Moira later annoys the medical centre's new counsellor, Toyah Battersby (Georgia Taylor), by criticising her "hippy" look. Moira develops a romantic crush on Jan Lozinski (Piotr Baumann), though he is more interested in Eileen. Moira is last seen when Evelyn Plummer (Maureen Lipman) demands to see the medical records of her great-granddaughter Hope Dobbs (Isabella Flanagan), and she annoys Evelyn by making a joke.

==Reception==
For her portrayal of Moira, Patikas was nominated for the Best Comedy Performance award at the 2018 British Soap Awards. Patikas was also longlisted for "Funniest Female" at the 2018 Inside Soap Awards.

Allison Jones from Inside Soap called Moira "mean spirited", "malicious" and the "sassy superior" of Liz. She also called Liz Moira's "minion" and questioned whether Moira would let Liz keep her job at the medical centre. The magazine later called Moira a "rude" receptionist.
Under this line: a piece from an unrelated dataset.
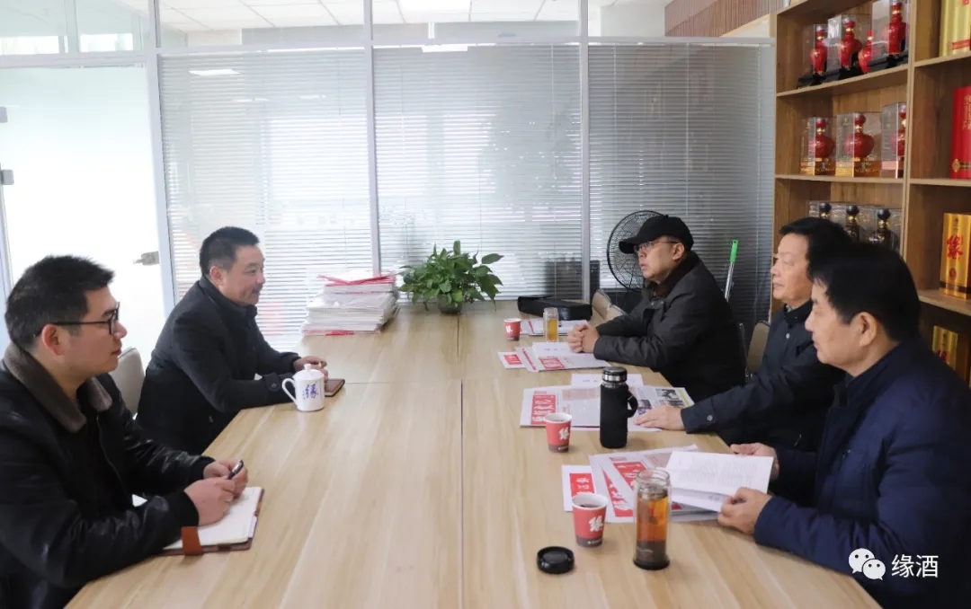 1月31日上午,安徽省书协副主席、合肥市政协原主席董昭礼,合肥市政协原秘书长袁文长,合肥市书画院副院长、合肥市书协副主席邵鑫一行做客中国缘酒品牌运营中心,缘酒创牌人、安徽缘酒文化博物馆馆长黄晔,市场总监荣秩五在会议室欢迎大家的到来。

Sarah Ellis from the same magazine called Moira amazing and joked that Moira's friends "think she's less Pollock and more pillock", and added "We all know a Moira. (And if not, maybe we are the Moira!)" Ellis' colleague, Laura-Jayne Tyler, wrote that she could not get "enough" of Liz' bickering with "battleaxe" Moira and contributed it to being "absolute TV Gold". After Moira's 2017 exit, Daniel Kilkelly from Digital Spy questioned whether Moira and Colin would "go off into the sunset together". When Moira returned a few months later, Kilkelly wrote that Moira was "back to cause trouble at the medical centre" and called her return a "shock" after she had "walked off into the sunset with eccentric Colin". Kilkelly added that Moira had left the medical centre "in disgrace" and questioned whether Moira and Liz would ever be on friendly terms, adding, "Liz never got along with bossy Moira during their time working together – even after Moira insisted on moving in as her housemate". A writer from Inside Soap added that Moira had made a "big impression" on the street.
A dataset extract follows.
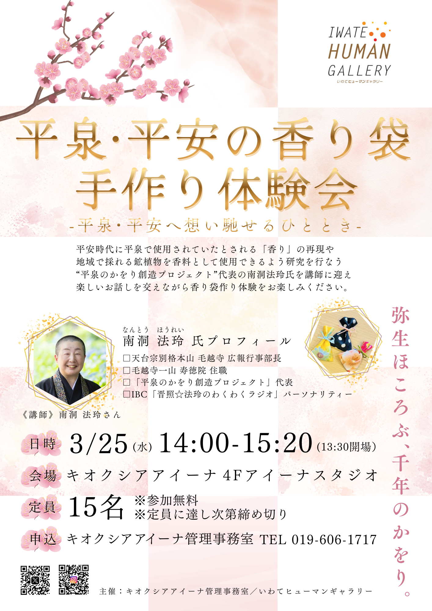 いわてヒューマンギャラリーワークショップ「平泉・平安の香り袋 手作り体験会-平泉・平安に思いを馳せるひととき-」(2/8掲載)

Discussing Steve and Moira's blind date, a writer from Soaplife wrote that Moira's "chilly personality" could turn "everyone's dinner cold!" The writer called the date a "disaster" and joked that Steve would reconsider his friendship with Dev after he set him up with Moira. They also called her "Moira the misery". Hayley Minn from the Daily Mirror reported how viewers expressed on social media that they felt "severely affected" and "grossed out" by Moira and Colin's "shock" but "passionate" kiss. Minn called the two characters "oddball[s]" and wrote that "Corrie viewers found the scenes just as vile" as the other characters did, adding that nobody could "deal" with it. In 2018, when wondering how physic Rosemary Piper (Sophie Thompson) knew so much about other Weatherfield residents, Kerry Barrett from the same magazine speculated that Rosemary could be the one giving her the details as she is a "great one for gossip". In 2018, Beth Allcock from OK! wrote that Moira became an "instant fan hit" when she debuted in 2017 and believed that she was one of the most popular Coronation Street characters of 2018; she added that Patikas had impressed so much with her portrayal that she had been nominated for a British Soap Award and believed that the actress would make "viewers laugh for many episodes to come". Allcock's colleague, Alana Anderson, called Moira a "fiery redhead". In 2023, Alison Graves from OK! called the character a "medical busy body" and believe that her 2020 departure was "mysterious".